▶ PROVIDED RECORDS
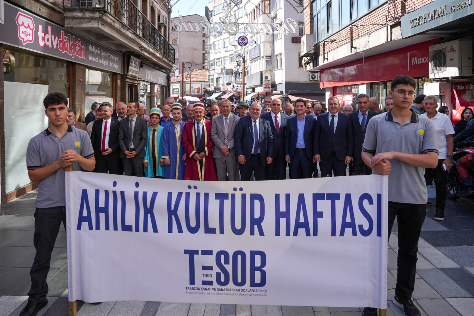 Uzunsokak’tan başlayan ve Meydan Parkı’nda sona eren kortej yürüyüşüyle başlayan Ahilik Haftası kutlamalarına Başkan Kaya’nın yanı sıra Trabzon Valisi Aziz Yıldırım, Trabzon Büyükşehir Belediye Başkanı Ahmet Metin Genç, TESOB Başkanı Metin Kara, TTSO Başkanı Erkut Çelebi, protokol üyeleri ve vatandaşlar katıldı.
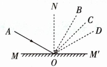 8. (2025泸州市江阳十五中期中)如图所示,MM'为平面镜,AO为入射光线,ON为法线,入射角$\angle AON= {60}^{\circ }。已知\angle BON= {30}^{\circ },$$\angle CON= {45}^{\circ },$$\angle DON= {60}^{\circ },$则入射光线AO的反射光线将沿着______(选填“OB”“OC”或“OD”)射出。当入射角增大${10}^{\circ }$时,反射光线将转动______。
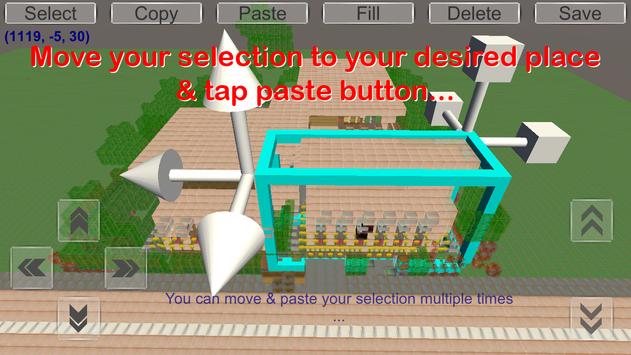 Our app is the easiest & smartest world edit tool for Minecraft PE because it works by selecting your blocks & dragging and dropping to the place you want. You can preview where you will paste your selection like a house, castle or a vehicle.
--
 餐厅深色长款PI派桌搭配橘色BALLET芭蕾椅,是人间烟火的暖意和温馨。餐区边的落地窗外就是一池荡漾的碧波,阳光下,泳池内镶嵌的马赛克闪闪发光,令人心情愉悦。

▶ WHAT TO WORK ON
Within the listing above, find the line containing "Uzunsokak’tan başlayan ve" and the line containing "Our app is the". Transcribe them and everything between them exactly, leaving out the pictures.

▶ SOLUTION TO THIS PROBLEM
 Uzunsokak’tan başlayan ve Meydan Parkı’nda sona eren kortej yürüyüşüyle başlayan Ahilik Haftası kutlamalarına Başkan Kaya’nın yanı sıra Trabzon Valisi Aziz Yıldırım, Trabzon Büyükşehir Belediye Başkanı Ahmet Metin Genç, TESOB Başkanı Metin Kara, TTSO Başkanı Erkut Çelebi, protokol üyeleri ve vatandaşlar katıldı.
 8. (2025泸州市江阳十五中期中)如图所示,MM'为平面镜,AO为入射光线,ON为法线,入射角$\angle AON= {60}^{\circ }。已知\angle BON= {30}^{\circ },$$\angle CON= {45}^{\circ },$$\angle DON= {60}^{\circ },$则入射光线AO的反射光线将沿着______(选填“OB”“OC”或“OD”)射出。当入射角增大${10}^{\circ }$时,反射光线将转动______。
 Our app is the easiest & smartest world edit tool for Minecraft PE because it works by selecting your blocks & dragging and dropping to the place you want. You can preview where you will paste your selection like a house, castle or a vehicle.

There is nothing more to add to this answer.